Kanter claimed this “rightward shift” in Israeli politics is counter to the country’s recent history on LGBTQ rights. He described Israel as being on the “forefront” of queer and trans equality for the past two decades.
Israel lifted its colonial-era sodomy law in 1998 and passed a nationwide nondiscrimination bill prohibiting bias on the basis of sexual orientation in 1992. A year later gay recruits were allowed to serve in the military for the first time. Its government has recognized same-sex marriages performed abroad since 2006.
Critics claim, however, that the country’s pro-LGBTQ track record is often used by government leaders to deflect from criticism of human rights abuses waged against neighboring Palestine.
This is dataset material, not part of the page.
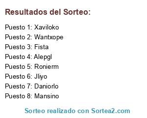 Lista de participantes: Xaviloko, Emilich, Lionheart, Alepgl, Negri, Jliyo, Fista, Jamfus, Wantxope, Daniorlo, Mansino, Ronierm.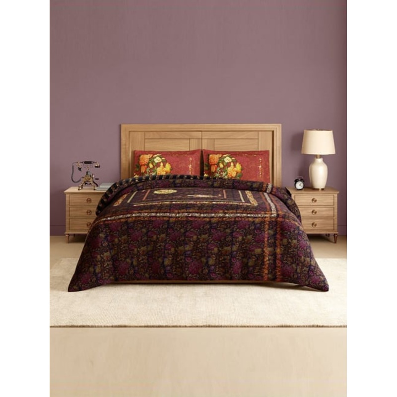 Violet charm with SPACES Rangana Swarna Comforter in dark violet, ornate patterns for elegant warmth. 100% cotton festive and skin-safe, recycled water 224cm x 270cm double size. Easy upkeep: wash at 40C, tumble dry low, avoid bleach and dry cleaning, no iron.

It’s commonly referred to as “pinkwashing.”
Kanter addressed the conflict many Jews feel — loving Israel but not always what it does — in a September op-ed for The Forward, a Jewish news site.
Writing of the “continued mistreatment of minorities… on both sides of the green line” and the “backdrop of an Israeli government that contradicts all of [his] values,” Kanter asked: “Am I welcome in my dream anymore?”
Kanter, though, hopes the case will be a wake-up call for his interim home.
“I’m hopeful it continues the conversation that queer people are human beings just like everyone else,” he claimed. “We want the same things and we desire the same things.”